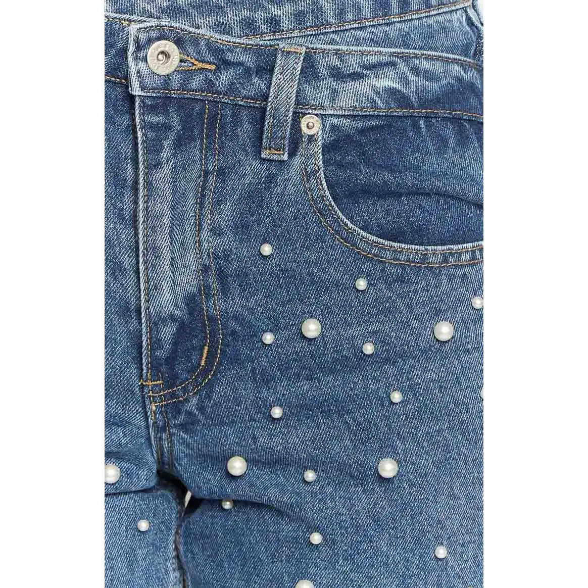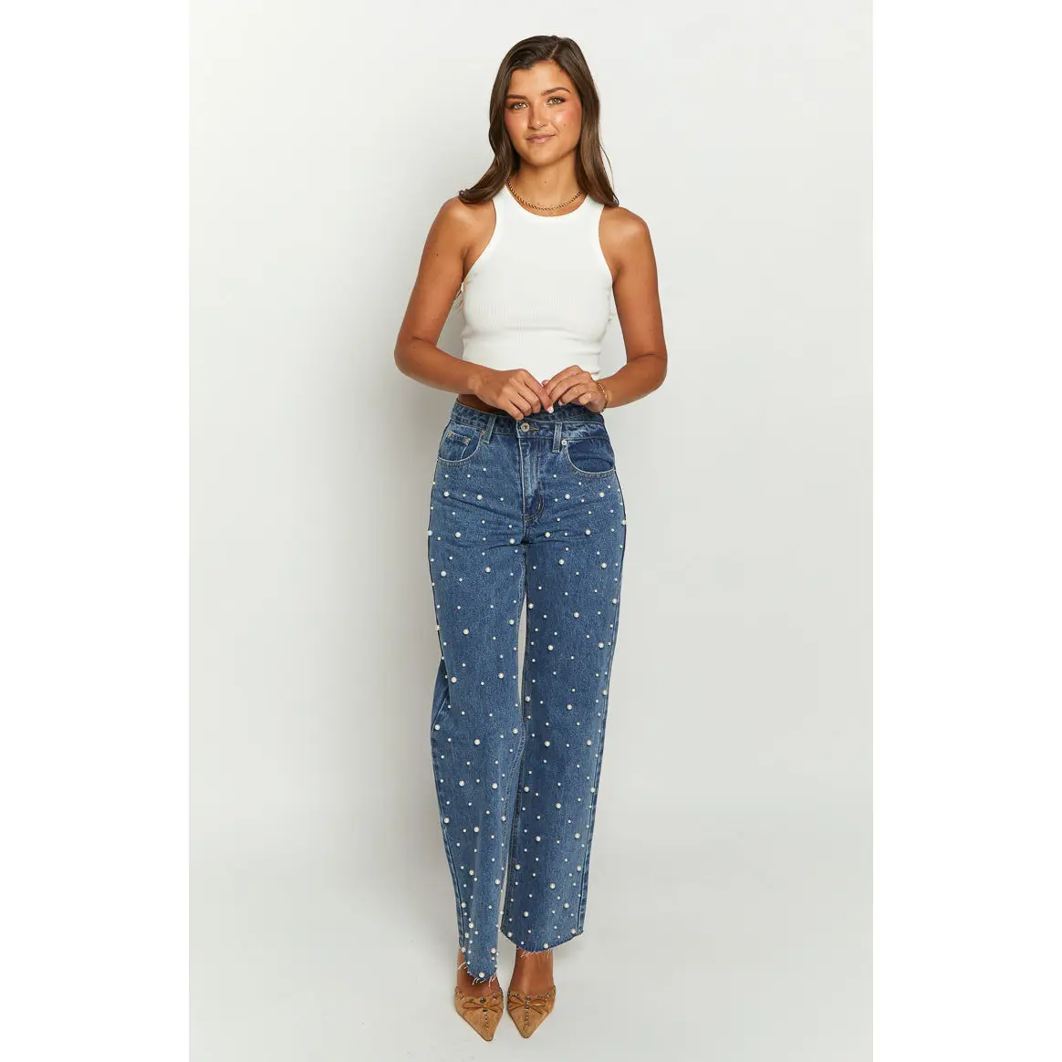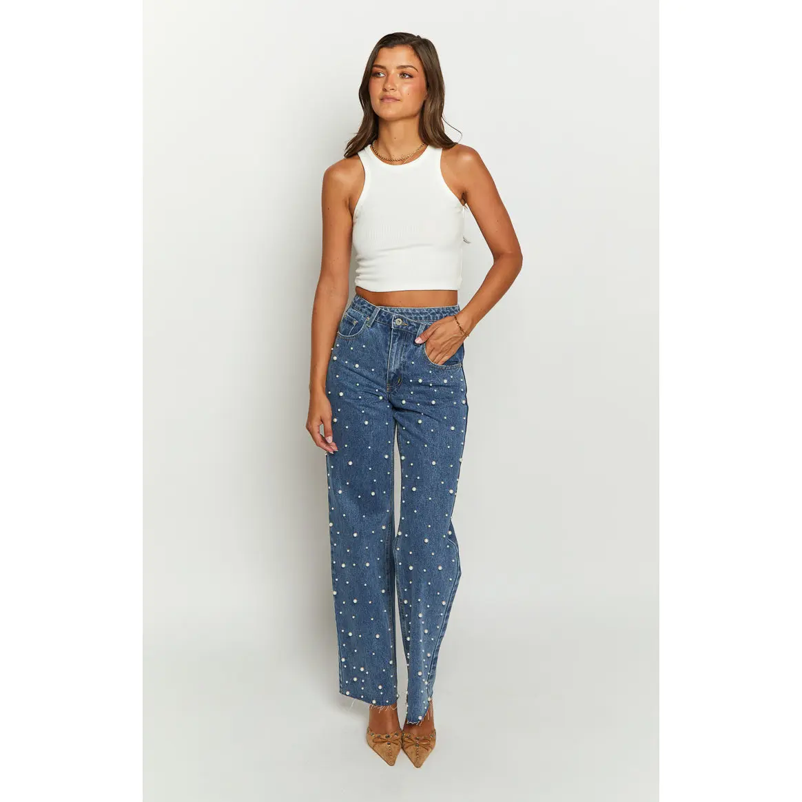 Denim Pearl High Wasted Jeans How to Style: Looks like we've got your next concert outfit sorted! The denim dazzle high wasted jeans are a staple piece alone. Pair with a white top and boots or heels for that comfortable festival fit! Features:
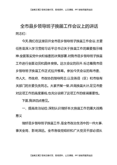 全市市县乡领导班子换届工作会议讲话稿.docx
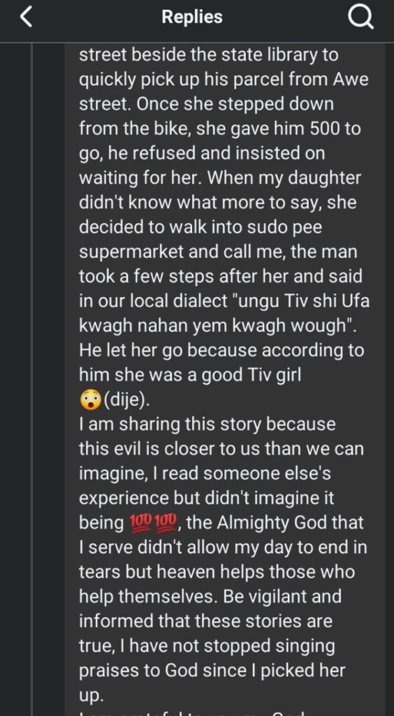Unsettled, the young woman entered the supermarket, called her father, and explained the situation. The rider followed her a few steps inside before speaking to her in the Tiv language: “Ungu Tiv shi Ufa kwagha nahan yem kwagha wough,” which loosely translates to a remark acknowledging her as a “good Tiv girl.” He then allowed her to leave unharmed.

==

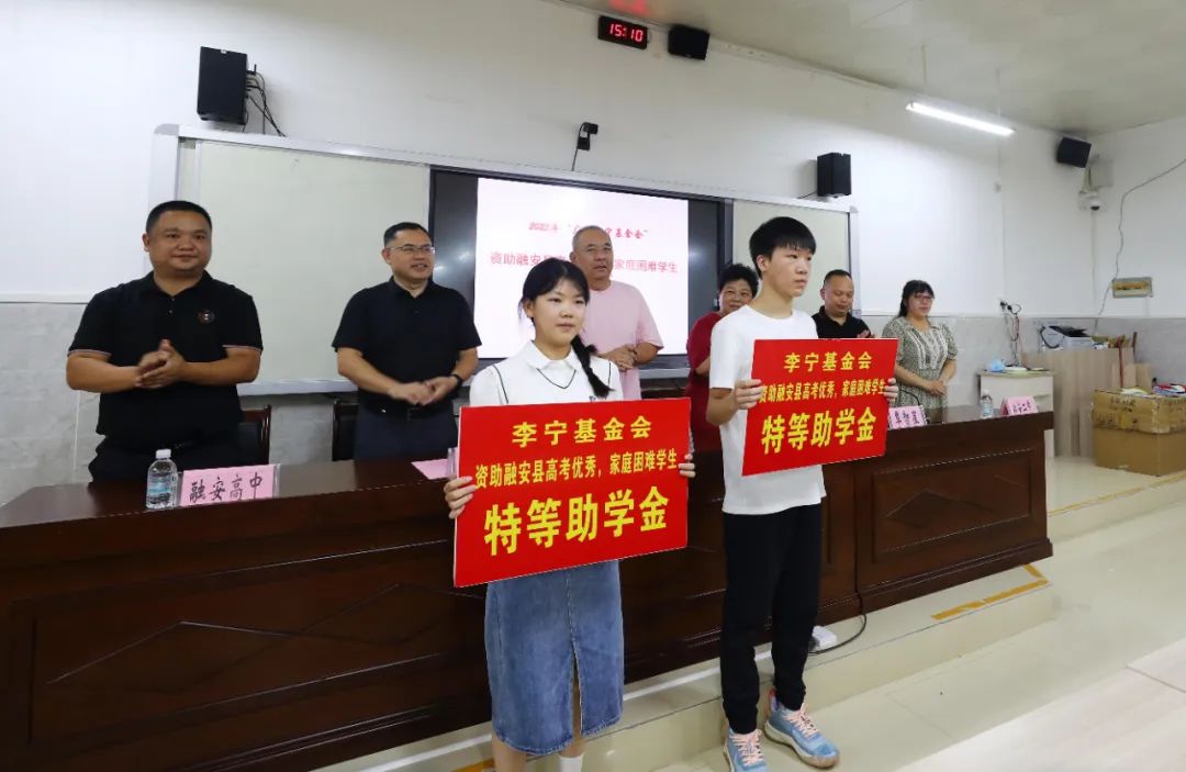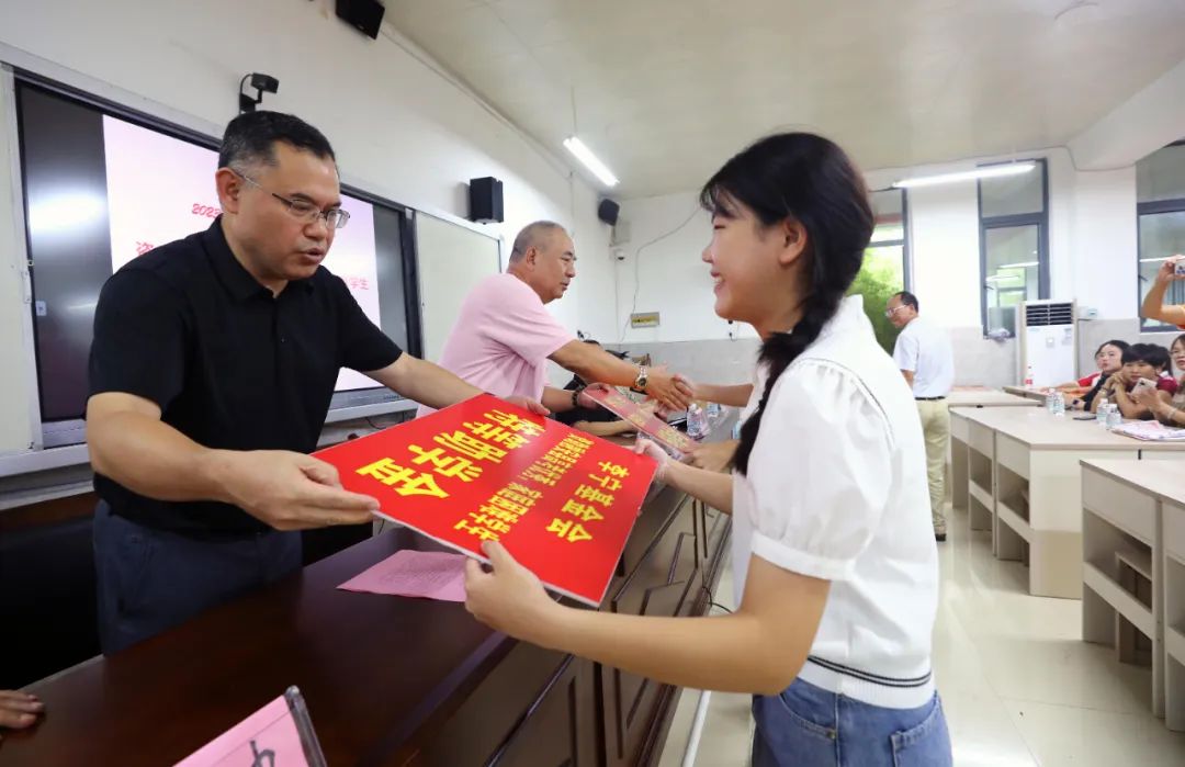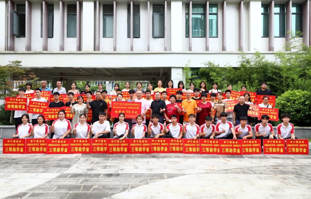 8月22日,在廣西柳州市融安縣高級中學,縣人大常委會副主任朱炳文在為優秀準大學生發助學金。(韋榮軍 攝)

* * *

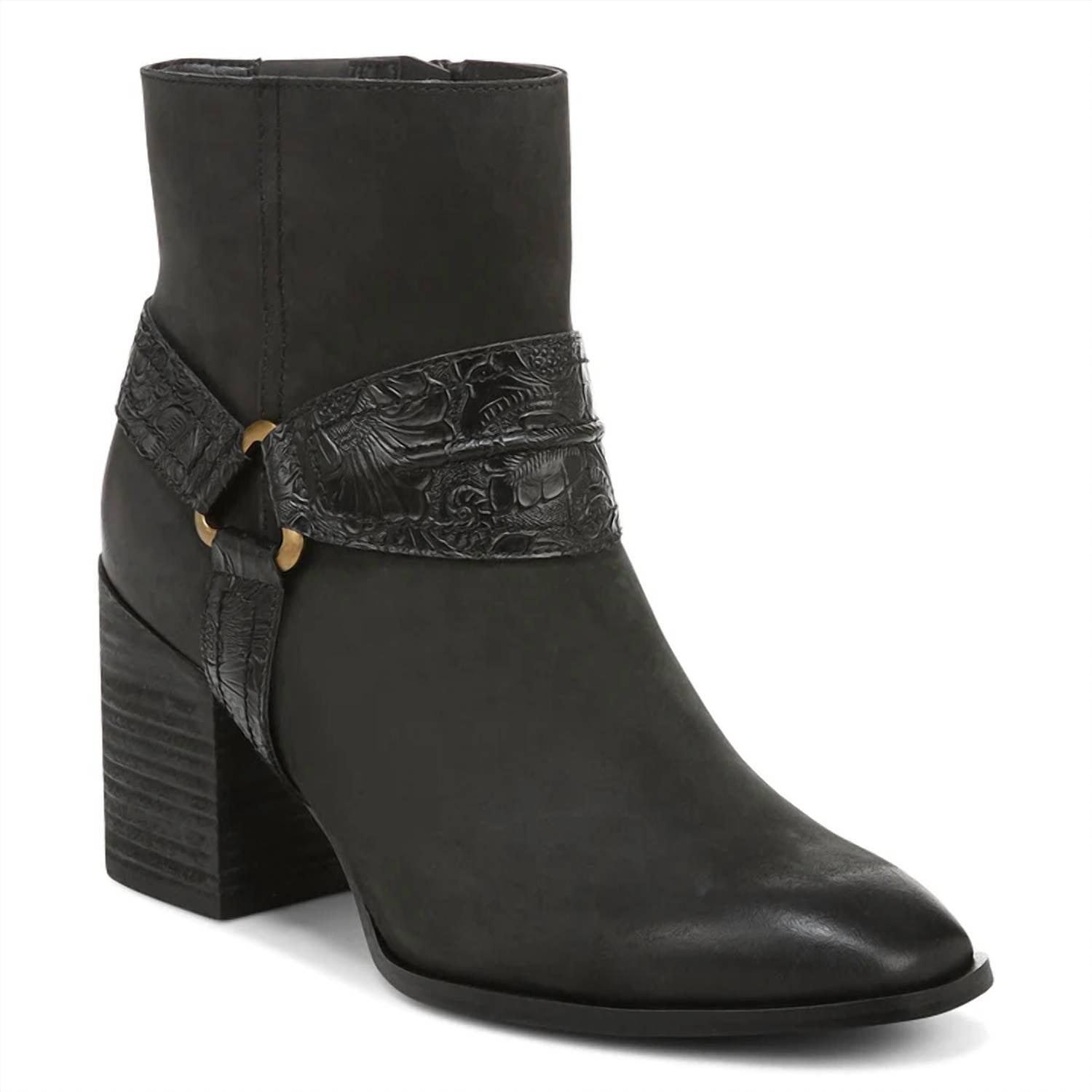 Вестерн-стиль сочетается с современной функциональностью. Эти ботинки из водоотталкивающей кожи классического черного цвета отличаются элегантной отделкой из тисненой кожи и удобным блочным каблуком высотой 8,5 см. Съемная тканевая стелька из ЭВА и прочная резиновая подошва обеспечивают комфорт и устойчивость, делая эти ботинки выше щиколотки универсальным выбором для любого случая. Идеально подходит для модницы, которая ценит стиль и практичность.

* Directions for this task:
Print everything from the line with "Denim Pearl High" down to the line with "Unsettled, the young" in the entries above, both lines included and nothing more, without the pictures.

* Written response:
 Denim Pearl High Wasted Jeans How to Style: Looks like we've got your next concert outfit sorted! The denim dazzle high wasted jeans are a staple piece alone. Pair with a white top and boots or heels for that comfortable festival fit! Features:
 全市市县乡领导班子换届工作会议讲话稿.docx
Unsettled, the young woman entered the supermarket, called her father, and explained the situation. The rider followed her a few steps inside before speaking to her in the Tiv language: “Ungu Tiv shi Ufa kwagha nahan yem kwagha wough,” which loosely translates to a remark acknowledging her as a “good Tiv girl.” He then allowed her to leave unharmed.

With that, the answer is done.